Despite concerns that Kickstarter wonder Ouya, an Android-based TV gaming console, might not deliver, the project is hitting its deadlines with the release on Friday of 1,200 developer consoles.

Ouya announced that the development kits were being shipped to developers, who can also access the Ouya SDK (ODK) online under a free Apache license.

The release of the hardware and software should give developers time to prepare games for the platform, which is expected to be released to the public around March. That’s still the milestone that everyone will be watching but the signs look good for Ouya to make it there.

Ouya

An early look at the Ouya UI

The company has been under a lot of scrutiny since it debuted as a Kickstarter project in July.
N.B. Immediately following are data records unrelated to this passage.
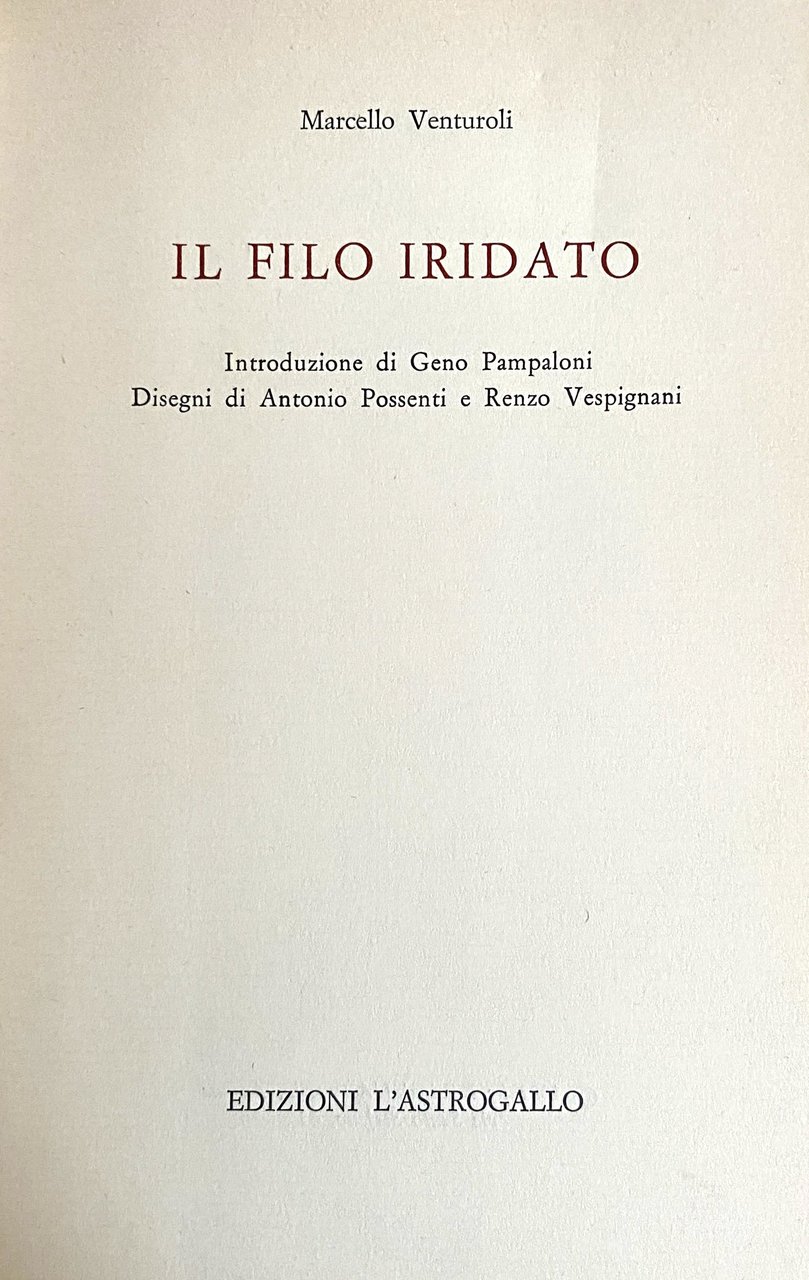 QUESTO VOLUME A CURA DELLE EDIZIONI L'ASTROGALLO È STATO STAMPATO CON CARATTERI GARAMOND E CARTA GRIFO DELLE CARTIERE MILIANI DALLO STABILIMENTO TIPOLITOGRAFICO BRAMANTE L'8 DICEMBRE 1982 IN 600 COPIE NUMERATE DA 1 A 600 E CENTO COPIE NUMERATE DA I A C CON QUATTRO ACQUEFORTI ORIGINALI FIRMATE DI CUI DUE DI ANTONIO POSSENTI E DUE DI RENZO VESPIGNANI INOLTRE SONO STATE STAMPATE VENTI COPIE RISERVATE AGLI ARTISTI COPIA N. 24.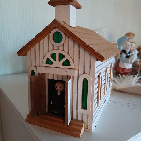 Gammel retro nostalgisk julekirke, med lys innvendig.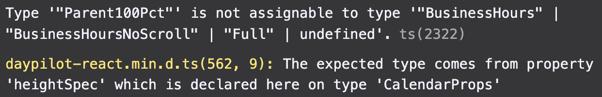 The documentation seems to not be up-to-date anymore since the proposed heightSpec “Parent100Pct” to get a 100% height of parent calendar is not an option, at least not in @daypilot/daypilot-lite-react v5.3.1.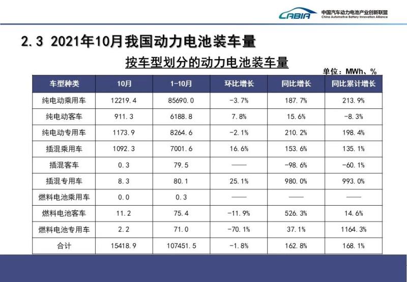 中國儲能網(wǎng)訊:2021年11月10日,中國汽車工業(yè)協(xié)會11月數(shù)據(jù)發(fā)布會在京召開,中國汽車動力電池產(chǎn)業(yè)創(chuàng)新聯(lián)盟發(fā)布2021年10月份動力電池月度數(shù)據(jù)。
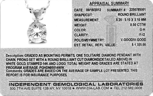 0.50 Carat Total Weight. White Diamond Solitaire Pendant With Chain. Color-G-H. Clarity- I1-I2. Polish- Very Good. Symmetry- Very Good. 14K White Gold. This is a Natural Diamond. Estimated Retail Value $1325.00.
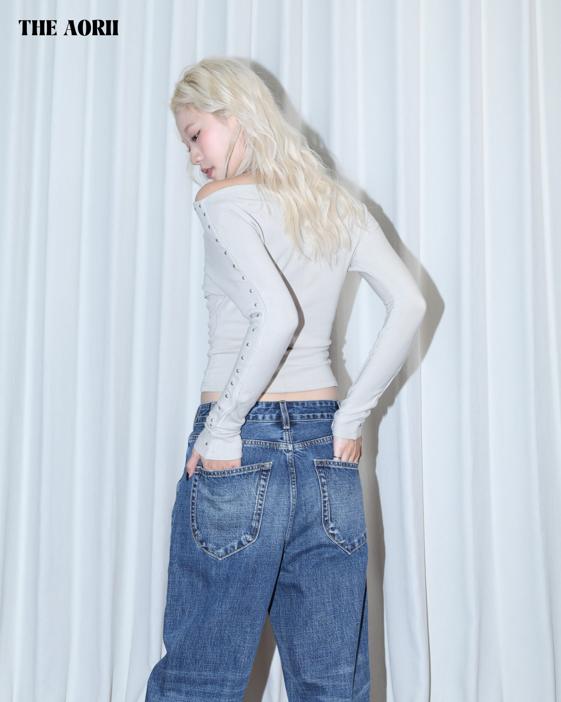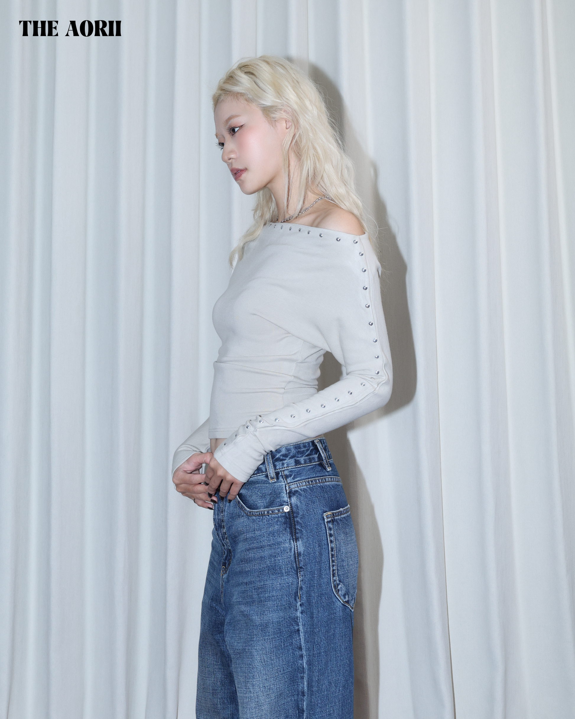 26025 (2color) - 杏 鉚釘一字領修身長袖上衣

The $99 console, built off the Android platform, raised $8.6 million from more than 63,000 backers. That has raised expectations and also concerns about whether the system is for real and can deliver as promised. We chatted with CEO and founder Julie Uhrman shortly after the launch — she assured us that it wasn’t rocket science putting Ouya together and that she was confident Ouya will hit the market by this spring.

The developer console still has plenty of bugs, Ouya has warned developers, and the triggers and D-pad on the controller are not final. Developers will also get a look at an early version of the console UI.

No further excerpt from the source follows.